Parmegiani provides the following descriptive inventory of the wefts that he used (which I have slightly abridged):
  • Meta-instrument: an orchestral continuum in which the instruments follow one another through successive dissolves, a sort of continuous metamorphosis. The sequence was recorded live from the radio, then flattened and rendered unrecognizable through montage. Master weft, present almost throughout the entire movement
  • Keyboard + organ: the keyboard of the electric organ, a continuous sound obtained by pressing all the keys on the keyboard, sped up
  • organ + ring modulator: the preceding sequence treated with a ring modulator = a slow ascending movement of the mass
  • harmonic trumpet: a continuous trumpet sound captured for an earlier piece, Jazzex
  • orchestral foundation: an enormous non-tonic agglomerate. A recording of a symphony orchestra making a continuous rumbling or murmuring, elongated through successive dissolves of the recording with itself.
  • Meta-instrument: the initial sequence slowed down and played backwards
  • Martenot + ring modulator: Ondes Martenot treated with a ring modulator to enlarge the sound spectrum
  • Transparent Screen: an electronic continuum from the video evoking millions of grains emanating out from a dense center
  • violin + notch filter: a violin treated with a notch filter for a slow variation in the timbre

For each weft, Parmegiani created a graph, marking the various colors, dynamics, and tessituras on a temporal axis. Armed with all of his wefts, he started the painstaking creation of a series of pre-mixes. He avoided putting timbres from similar families in the same groups, but in general he tried to make the transitions between the wefts as interesting and sensitive as possible. He ended up with over a dozen different reels of tape, which he had to mix down to three in preparation for the final mix. Unlike other movements, where he was able to create short sequences and splice them together, the final mix for Géologie Sonore had to be done in a single pass. In hindsight, he would have liked more diversity between the different colors, more flagrant transitions, but he was unable to put enough bite in any of the transpositions; the technology of the time was too limiting.

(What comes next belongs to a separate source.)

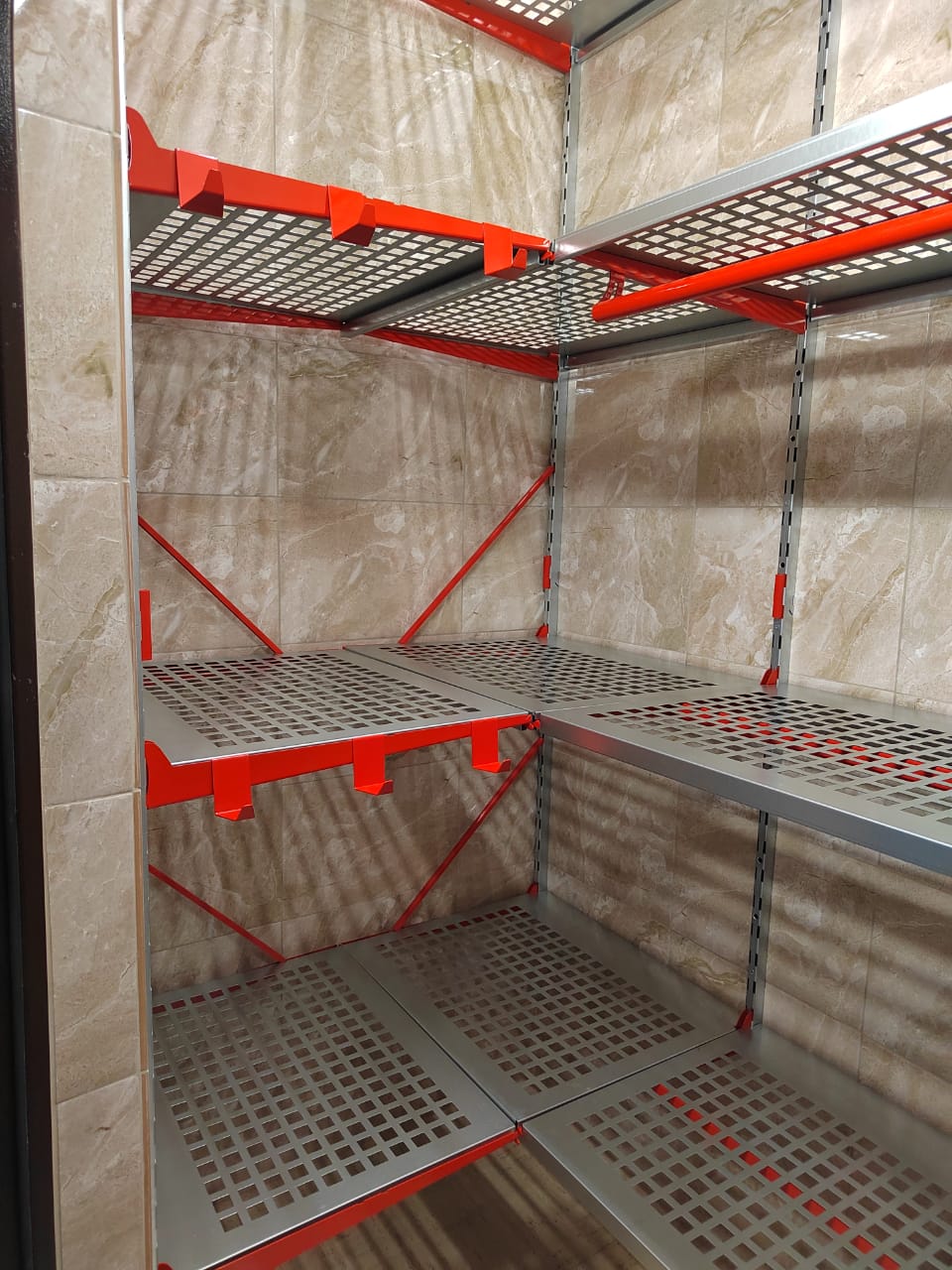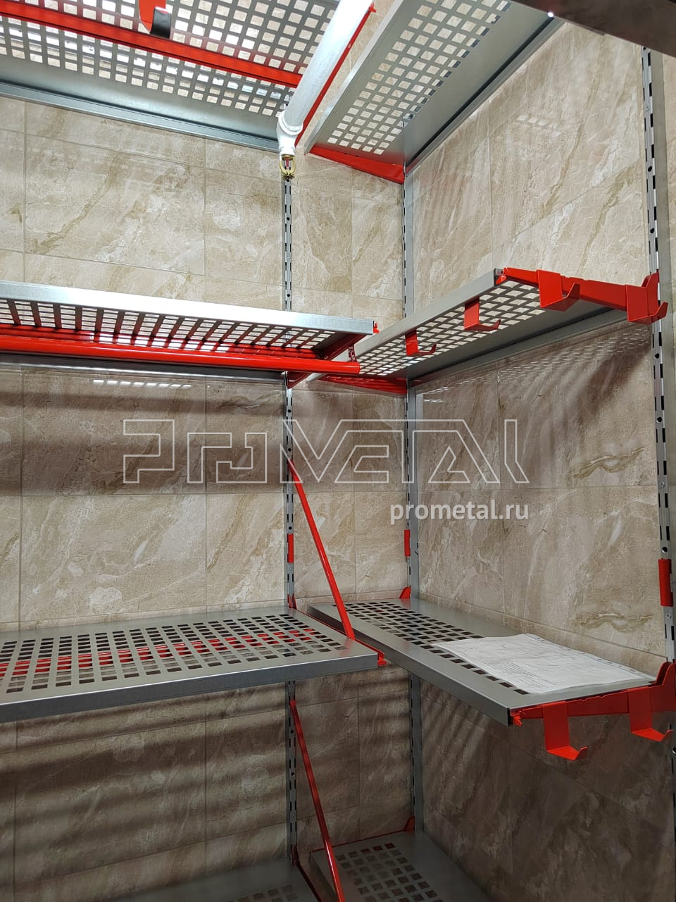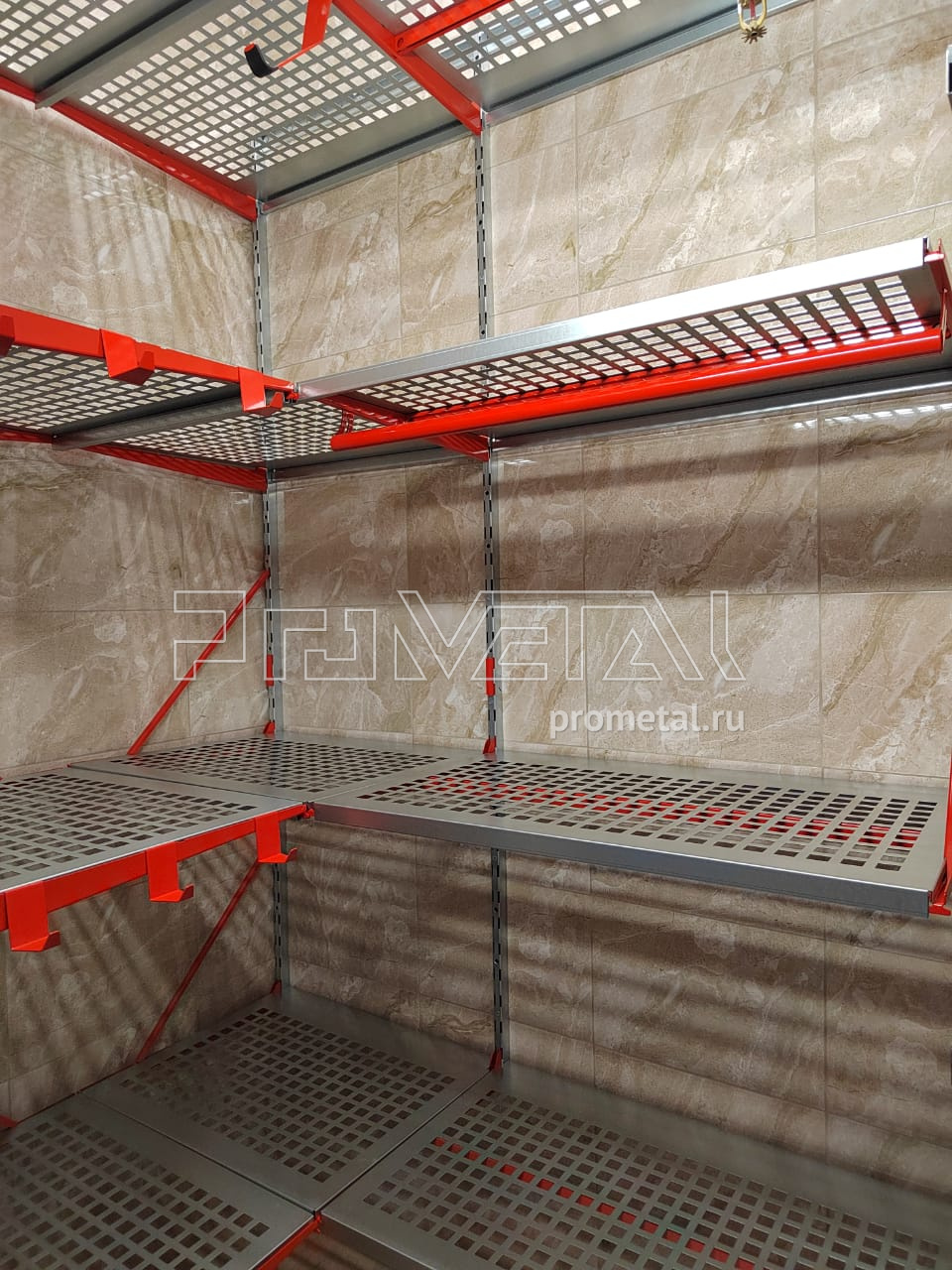 Небольшая кладовая в Москве. Заказчик поставил задачу предусмотреть максимально возможное количество полок в кладовой. Размеры предоставили по эл. каналам связи, в кратчайшие сроки подготовили проект, согласовали и выбрали дату монтажа. Комплект был смонтирован в течение одного дня нашим специалистом.
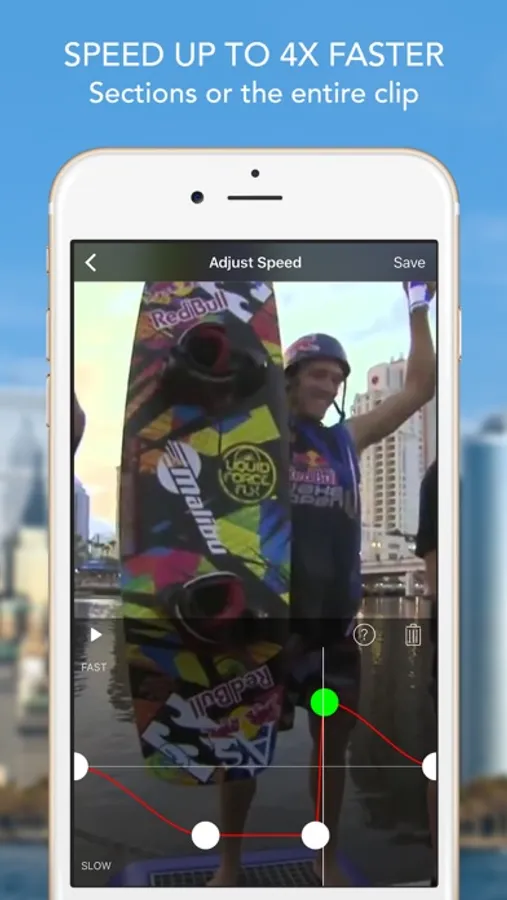 Speed up or slow down sections of video with FREE saving and NO WATERMARK! Supports portrait or landscape operation (on iPad), corrected audio pitch and unrestricted video length.

The image is an excerpt from the mixing score for Géologie Sonore. I am unable to match this image with anything specific in the music.

This post is the most recent in a very occasional series about L'Envers d'une oeuvre, by Philippe Mion, Jean-Jacques Nattiez and Jean-Christophe Thomas, published in 1982 by Éditions Buchet/Chastel and INA/GRM. The first post in the series has an overview of the book. Click here to get them all.

2 comments:

Anonymous said...

Many thanks for your kind offering. Parmegiani's work is stunning. Its truly wonderful to have the opportunity to learn more about his De Natura Sonorum masterpiece. rsz

Anonymous said...

Many thanks for this wonderful offering!